The order of performance from high to low is V4 > V3 > V5 > V2 > V1 > the original version that is not optimized. Among them, the performance of V3, V4, and V5 versions is significantly better than that of V1 and V2, which proves that the most time-consuming point of this template replacement logic is String.replace, V3 > V5 and V2 > V1 show that the introduction of cache is still helpful for performance improvement. In terms of code readability, V4 is inferior to V3 and V5.

The whole optimization is summarized by two main points:

1, String.replace method involves template compilation and new string generation, compare and eat resources

2, StringBuilder instead of String.replace, in addition to shortening the call time, in the space can also reduce the resource occupation.

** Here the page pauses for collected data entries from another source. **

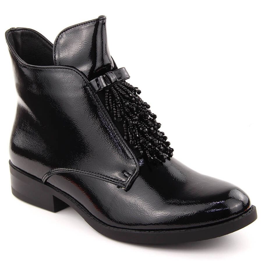 Részletek: Női lakkbőr bokacsizma gyöngyökkel, fekete S.Barski
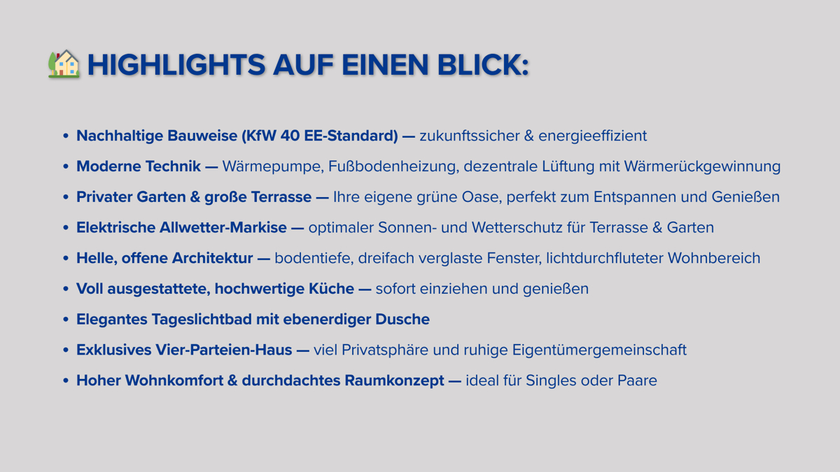Diese exklusive Erdgeschosswohnung vereint zeitloses Design, nachhaltige Bauweise und höchsten Wohnkomfort in einer der besten Lagen von Norden. Sie ist der perfekte Rückzugsort für alle, die stilvolles, modernes Wohnen schätzen, ein grünes Umfeld genießen und gleichzeitig die Vorteile einer urbanen Anbindung nicht missen möchten. Einziehen, ankommen und jeden Tag genießen — hier wird Wohnen zu einem neuen Lebensgefühl!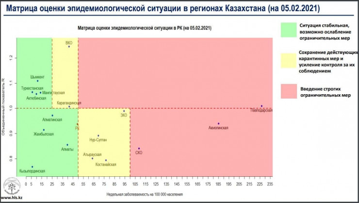 По данным на 5 февраля, в "красной" зоне остаются Акмолинская, Павлодарская, Северо-Казахстанская области.

Because StringBuilder.append can reduce the creation and destruction of a large number of String objects in the middle compared to String.replace, it can reduce the pressure on the GC, thereby reducing the load on the CPU.

The obvious benefit of performance optimization is the ability to save machine resources. If an application with 2,000 servers improves overall performance by 10 percent, theoretically, it would be equivalent to saving 200 machines. In addition to saving machine resources, applications with good performance are less likely to reach the performance bottleneck of the machine when dealing with sudden increase in traffic, and when expanding the machine in the same traffic scenario, fewer machines are needed, so that the expansion and emergency operation can be completed faster. Therefore, applications with good performance are also better in terms of stability than applications with poor performance.

Finally, back to the topic of this article: What makes a 20-line piece of code 10 times more performant?

My answer is: StringBuilder yyds!

WeChat 8.0 will let go of friends to ten thousand, small partners can add my size, first-come, first-served, and then full is really gone

Scan the QR code below to add me WeChat, 2022, hug the group for warmth, and work together to be bullish.